Keisha Ta-Asan - The Philippine Star
Steady GDP growth seen despite moderation in H2
BSP Deputy Governor Zeno Abenoja said the country’s gross domestic product (GDP) expanded by 5.5 percent in the first half of 2025 and may continue to grow at a similar pace in the coming quarters despite some headwinds.
STAR / File

MANILA, Philippines —  The Bangko Sentral ng Pilipinas (BSP) expects the Philippine economy to remain on a firm footing this year despite potential moderation in the second half, with inflation projected to stay below target and monetary policy remaining supportive of growth.

BSP Deputy Governor Zeno Abenoja said the country’s gross domestic product (GDP) expanded by 5.5 percent in the first half of 2025 and may continue to grow at a similar pace in the coming quarters despite some headwinds.

“I think given the weather disturbance and the disruptions in the quarter, there could be some moderation in the near term, but it will still be a good number,” Abenoja told reporters in a chance interview.

The economy grew by 5.4 percent in the second quarter, bringing first-half growth to 5.5 percent. Abenoja said it remains uncertain whether the third-quarter expansion would slow from the previous quarter, but “it’s possible.”

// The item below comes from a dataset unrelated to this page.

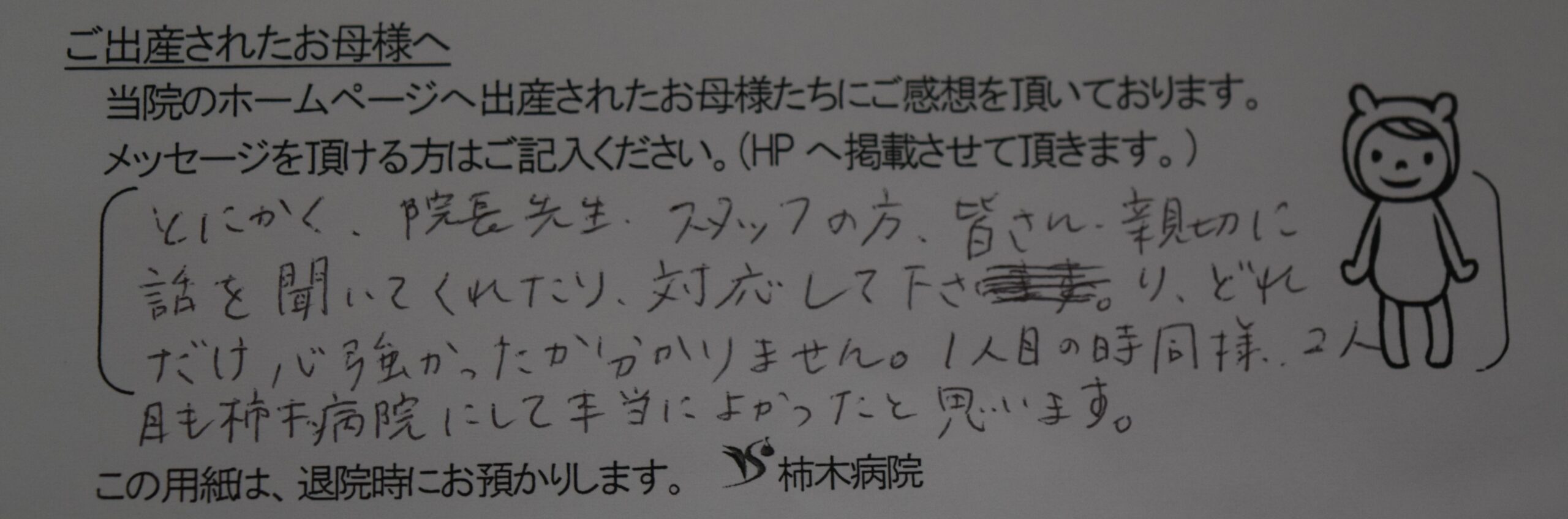 とにかく院長先生、スタッフの方、皆さん、親切に話を聞いてくれたり、対応して下さり、どれだけ心強かったか分かりません。1人目の時同様、2人目も柿木病院にして本当によかったと思います。

He noted that the BSP still expects GDP growth to reach at least 5.5 percent this year and six percent in 2026, supported by resilient domestic demand, steady labor market conditions and improving private investment activity.

Abenoja said recent indicators suggest some cooling in manufacturing and services, citing a slowdown in the purchasing managers index (PMI) and fewer companies planning to expand operations.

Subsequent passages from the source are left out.